Additionally, weak agents will likely be miscalibrated and incoherent in many ways. So if they’re egregiously misaligned, I think they will likely be unable to hide this from humans while advancing their goals for very long. As such, I expect people in the company which develops them to learn about this behavior, and probably share it with some key stakeholders in government. I don’t know whether the general public will learn about it, though they might learn through reporting or if the agent is deployed a la the MechaHitler incident.
I also expect the general public to witness egregious misalignment through someone deploying a weak agent a la ChaosGPT. This is weaker evidence for AI takeover risk than such an incident occurring in a naturalistic training run. However, I do expect this to make loss of control risks more salient and compelling.
The upshot of all of this is that conditional on misalignment in fact being a problem, key stakeholders will understand misalignment better and take loss of control risks more seriously when it comes time to handle transformative AI. Importantly, I think this is true even if there’s never a single dramatic “warning shot.” This does not necessarily mean that key stakeholders will act reasonably/ideally.
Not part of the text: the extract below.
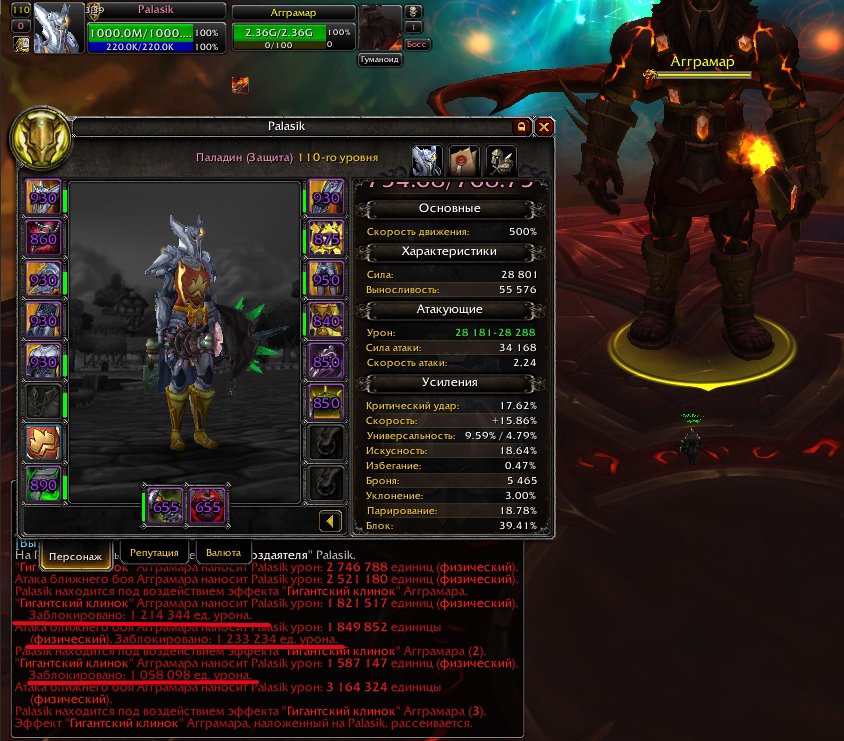 Здравствуйте, vitya_theyo2008, Ожидать починки? p.s Также выявил небольшой баг в работе (хз мб ваши разрабы запихнули со словами "и так сойдет") В общем суть бага в том, что иногда, срабатывает БЛОК ВОИНА. (а я паладин) т.е урон блочиться на 100%. Это бывает очень редко примерно 1 атака в 15-20 мин и то незначительная. Но в целом я полагаю у паладина почему-то стоит блок воина. Как это работает я не понимаю и не хочу =) Просто заметил такое, мб поможет в решении Также сделал тест с % опустил блок < ниже Парирования на 1-3% И вместо блока стало срабатывать оно. Но редко и не понятно. И вообще оно разве работает? О_о |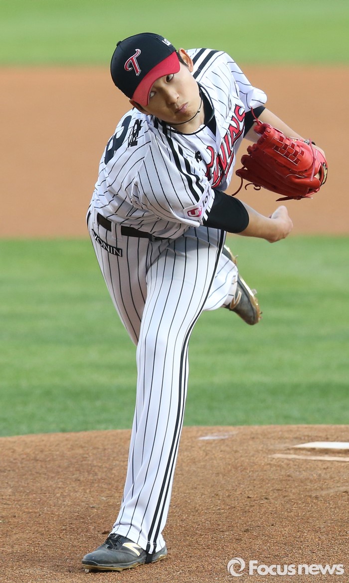 (서울=포커스뉴스) 29일 서울 잠실구장에서 열린 2016 프로야구 kt-LG 경기에서 1회초 LG 선발투수 이준형이 투구하고 있다.

For example, race dynamics may lead them to take risky actions, even if they understand the risks. But understanding the risks is a prerequisite to dealing with them effectively.
I agree that weak agents will be too clumsy to hide egregious misalignment and that will likely get trained away (and current techniques might suffice). I also generally agree with the thrust of your post. But isn't the concern that this easily-correctable misalignment will teach key stakeholders that "we're good at observing and catching misalignment" rather than "it might hard to fix egregious misalignment"?
Like on this: "Conditional on misalignment in fact “being a problem” (i.e. our “default” techniques wouldn’t suffice to align TAI), I expect at least some frontier models prior to TAI will become egregiously misaligned at some point in their training."
Is your view that if misalignment is a serious issue with current techniques, then current techniques will just result in obviously misaligned frontier agents clumsily running around?